Word files saved into HTML produce different result on different machines

If a DOCX files is saved into HTML, it produces different results on different machines.

This issue is breaking our CI processes.

Could you help in figuring out what might cause this difference?

The local settings are the same on both machines (EN-US).

Attachments:
The source docx file.
baseFile.docx (48.8 KB)

The code that is used for saving the file.

public void CreateHTMLFromDocument(string filePath, string previewFolderName)
{
    HtmlSaveOptions options = new HtmlSaveOptions(SaveFormat.Html)
    {
        ImagesFolder = Path.Combine(previewFolderName, "doc_files"),
        ImagesFolderAlias = "doc_files",
        ExportHeadersFootersMode = ExportHeadersFootersMode.FirstSectionHeaderLastSectionFooter
    };
    AsposeLicenseInit.AssureWordsLicenseSet();
    Aspose.Words.Document doc = new Aspose.Words.Document(filePath);
    doc.Save(Path.Combine(previewFolderName, "doc.html"), options);
}

The files have slightly different margin values in them.

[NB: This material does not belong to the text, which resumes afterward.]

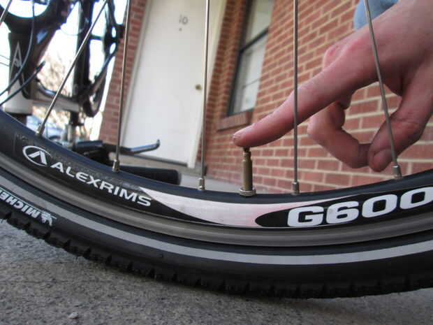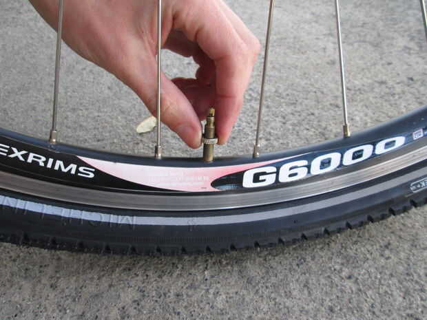 5. Desatornille la tapa de plástico negro de la válvula de aire y aflojar la tapa de metal hasta que puede deprimir deje salir el aire del tubo, presionando la válvula de aire hasta que el neumático puede ser aplanado contra el suelo.

Do you have any idea what might cause these margin values to not be consistent?

We see that the discrepancy is not large, but due to the fact that the value is not identical, this breaks our automation pipelines and also customer expectation is that their resulting files should be identical on different machines.

Thanks in advance!

@memoq

It sounds like you’re experiencing inconsistencies when converting DOCX files to HTML across different machines, which can disrupt your CI processes. Let’s address this issue systematically.

Cause: The inconsistencies may stem from several factors, including differences in Aspose.Words versions, environmental settings, document properties, or even the code used for conversion.

Solution: Here are some steps to troubleshoot the issue:

  1. Aspose.Words Version: Verify that both machines are using the same version of Aspose.Words, as different versions can lead to variations in document conversion.

  2. Environment Differences: Check for discrepancies in the environment, such as installed fonts, operating system updates, or other software that might influence rendering.

  3. Document Properties: Examine the properties of the DOCX files. Embedded styles or specific formatting can sometimes result in different outputs.

  4. Code Consistency: Ensure that the code used for conversion is identical on both machines. Even minor differences can lead to varying results.

  5. Testing with a Simple Document: Convert a simple DOCX file on both machines to determine if the issue persists. This can help isolate whether the problem is with specific documents or the conversion process itself.

Next Steps: If the issue continues, consider logging the conversion process or using a tool to compare the generated HTML files for differences. This will help identify the root cause of the inconsistencies.

Please let me know if you need further assistance or if this resolves your issue!

We have checked the above list. The uploaded sample is a relatively small document, and the discrepancy persists. As we mentioned in the original post, it is the margin settings that differ in the two outputs, but that offers me no clue on what might cause this difference.
The file uses Time New Roman fonts, that are pretty standard everywhere.

@memoq Could you please provide environment details where the different HTML files are produced? We will try to reproduce the same on our side. Also, please attach your problematic output HTML files here for our reference.

@alexey.noskov Thanks for picking this up. I can provide any details you deem relevant. Can you provide a list of parameters, that you consider useful?

In the meantime I will collect the exact outputs for you.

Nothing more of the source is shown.